Number of variables that can be included in an exact logistic regression

#1
I'm currently analyzing a dichotomous outcome using a small dataset of only 100 individuals. the outcome occurs in only 25 individuals and I have some predetermined confounders that I would like to adjust for. I know that I am limited by, at most, 2-3 variables if I were to model using a binary logistic analysis. I have read that exact logistic regression may be preferred in the case of a relatively rare outcome, although I don't know if that implies a large sample size.

Is an exact logistic regression an appropriate test?
If I use an "exact" logistic regression can I include more confounders?
Is there an outcome number below which an exact logistic regression is preferred? (If it matters assume I have a similar sample size of 100 individuals)

Thanks for your help,

Kar
 
#2
Hi,
I recently did some logistic regression analyses with 3 categorical predictors in SAS. I ran into quasi-complete separation problems when I started to include interactions, and tried to used exact tests to deal with them. SAS ran out of memory before it could finish the calculations despite running on a fast Core i5 ASUS laptop that is about 2 year old. In "Logistic regression using SAS" 2nd ed by Allison, he used PROC LOGISTIC with 2 predictor variables and found that the default maximum likelihood analysis took 0.1 seconds while exact tests took 3.5 minutes on the same data. So it sounds like exact tests are computationally intensive and I'm guessing that you might have problems if you add more predictor variables. No harm in trying though.

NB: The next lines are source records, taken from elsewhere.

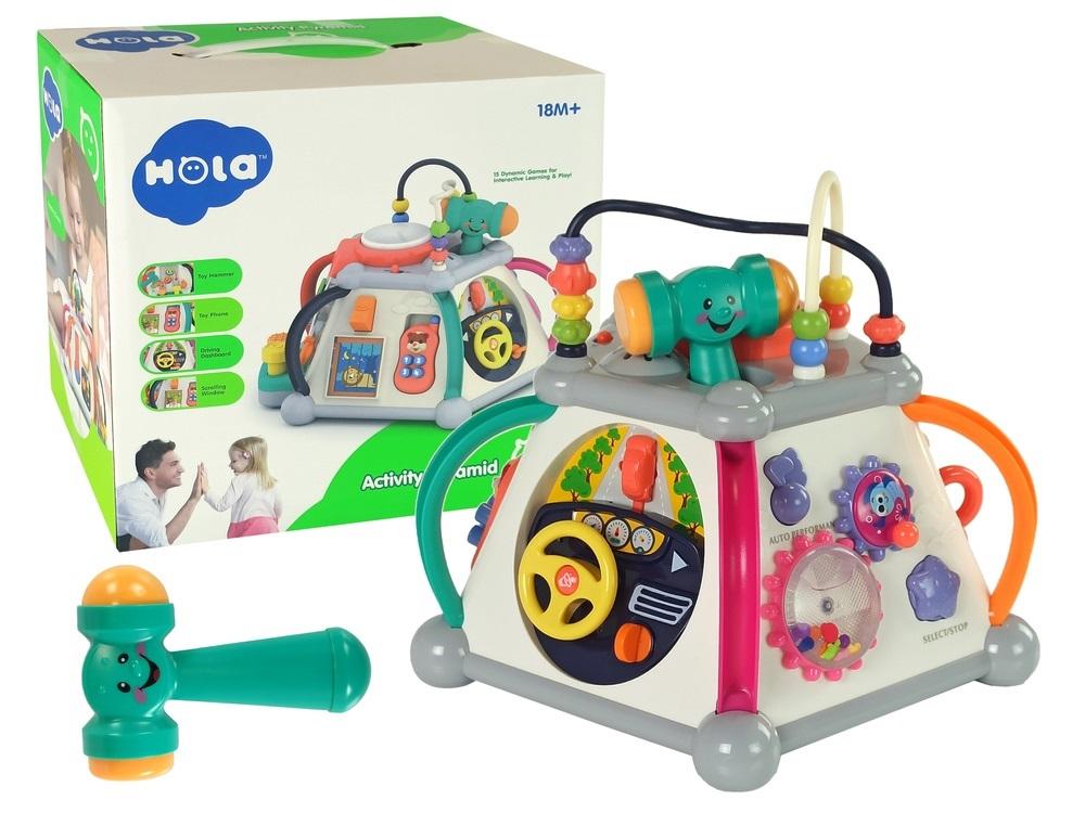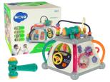 MULTIFUNKCYJNA BAJKOWA KOSTKA BOX 5 PŁASZCZYZN ZABAWY !! Rozwija zdolności manulane oraz wyobraźnię maluszka Kostka posiada pięć interaktywnych płaszczyzn bocznych i jedną górną. Każda płaszczyzna jest inna i zaskakuje nas swoimi propozycjami zabawy. Solidne wykonanie i żywa kolorystyka dodatkowo przyciągają naszą uwagę. Zabawka na pewno zaciekawi nawet najbardziej wymagające pociechy. WYMIARY ZABAWKI: - wysokość 24 cm, - szerokość 29 cm. PŁASZCZYZNA POMARAŃCZOWA to kącik dla prawdziwego pasjonata kierownicy. Posiada: - kluczyk w stacyjce, który po przekręceniu wydaje odgłos zapalanego silnika, - ruchomą kierownicę, która kieruje autkiem, - na kierownicy klakson z efektem świetlnym i dźwiękowym. Całość jest zapakowana w estetyczne kolorowe pudełko typu "walizka", idealnie nadające się na prezent. To bardzo efektowne i magiczne pudełko zasilane jest trzema bateriami typu AA (zwykłe paluszki) - brak w zestawie.
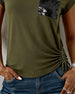 SPECIFICATIES Toptype: t-shirt Stijl: Gewoontjes Materiaal: katoenblends Gelegenheid: Dagelijks Hals lijn: V-hals_V Patroon type: Effen kleur Mouw type: Normale mouw Mouw lengte: Korte mouw Pasvorm: Normaal Seizoen: Lente,Zomer Details: Lapwerk,Uithollen,Veter Pakket bestaat uit: 1 x T-shirt MAATTABEL (cm) Maat Borst Lengte S 97 65 M 101...
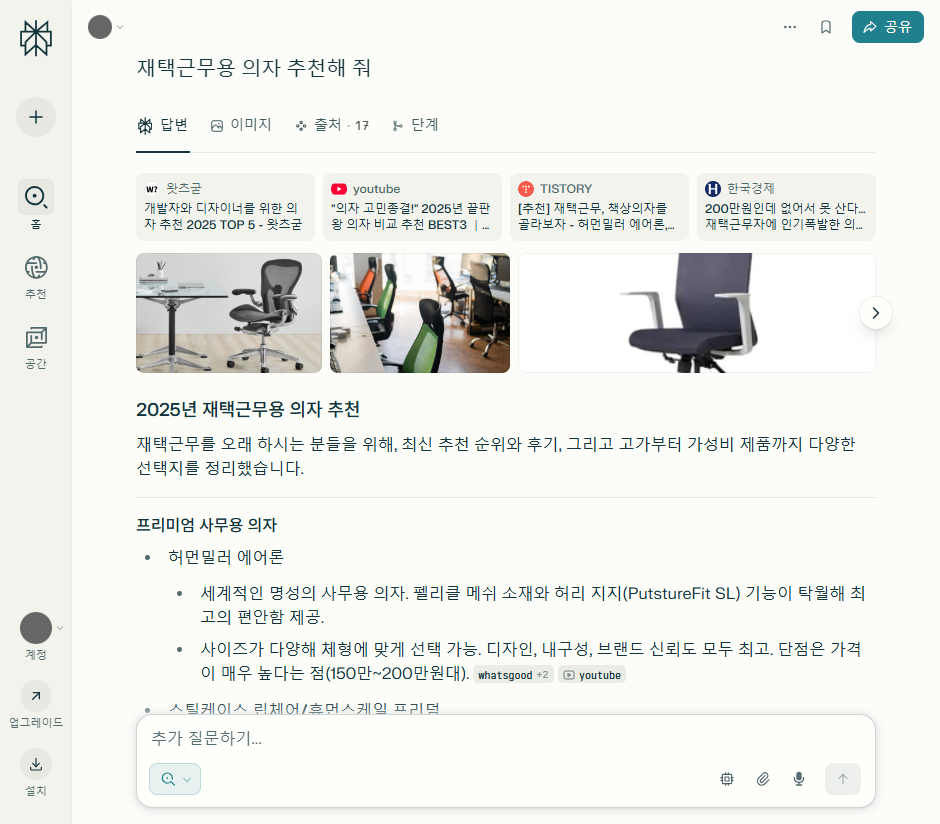 27세 직장인 이민호 씨(가명)는 최근 “재택근무용 의자 추천해 줘”라고 Perplexity(퍼플렉시티)에 질문했다. 돌아온 답변에는 허리 건강을 고려한 의자 3개가 상세한 설명과 함께 제시되었다. 가격 비교는 물론, 각 의자의 장단점까지 정리되어 있었다.
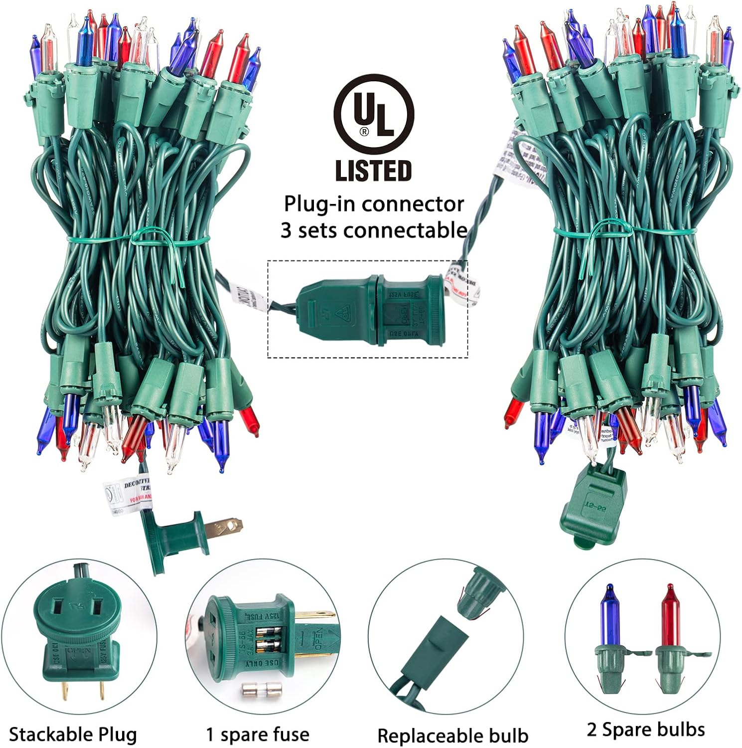 - Creative Patriotic Decorations: This Independence Day Decorations light on green wire set includes 200 incandescent mini bulbs. The total length is 51.7 feet, each bulb is 3 inches apart, 20 inches lead wire, 3 inches end connector. It can be connected end to end to meet your decoration needs, up to 3 creative light strings
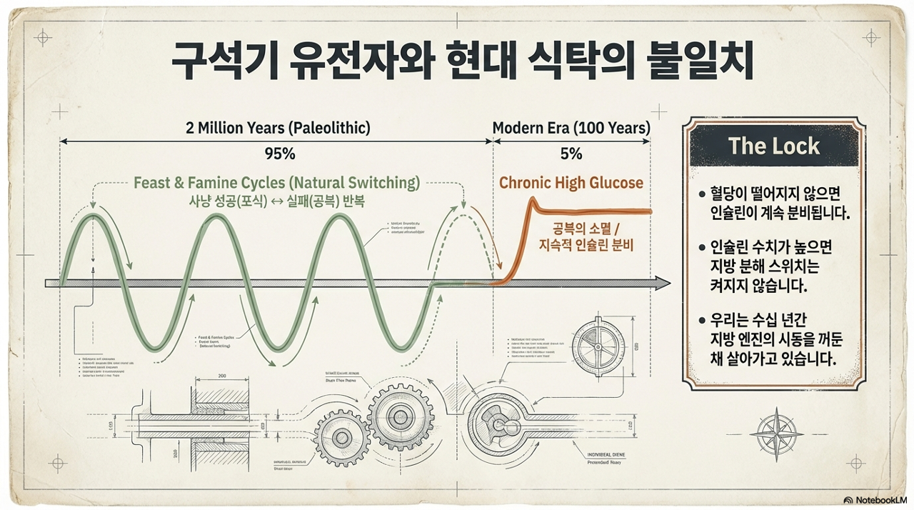 인류의 유전자는 약 200만 년에 걸친 수렵·채집 생활에 최적화되어 있다. 구석기시대 인류에게 두 대사 경로는 모두 생존에 필수적이었다. 사냥에 성공한 날에는 고기와 과일에서 얻은 포도당과 지방이 에너지원이 되었고, 먹을 것을 구하지 못한 날에는 체지방이 분해되어 케톤체가 뇌와 근육을 가동했다. 포식과 공복이 자연스럽게 교차하면서, 두 엔진은 번갈아 작동했다.

Maximum likelihood logistic regression is "asymptotically unbiased" (good with large N), but it is unclear how good it is for small sample sizes. Exact tests are good ways to deal with small samples, but I don't know of a cutoff for what is too small. I can say though that its not the sample size itself, but the number of cases in the less frequent binary outcome. Here is a guess on how you could decide if your sample is small enough (I only use SAS so sorry if this doesn't help you with different software):

SAS by default spits out confidence intervals on odds ratios that are based on Wald Chi-squared statistics, which are sensitive to small sample sizes. Profile likelihood confidence intervals are recommended for small samples. Request both types of confidence intervals and if they don't match very well, you might be in small sample size territory. You can request both types of CIs by adding "/CLODDS=BOTH" at the end of your model statement in PROC LOGISTIC.

Another thing to consider for small samples is using "penalized likelihood". This is a type of maximum likelihood that is less biased in small samples. When my interaction tests didn't work and exact tests ran out of memory, penalized likelihoods got rid of my separation problems and allowed the analysis to converge. You can ask for penalized likelihoods by adding "/FIRTH" at the end of your model statements.

Hope this helps!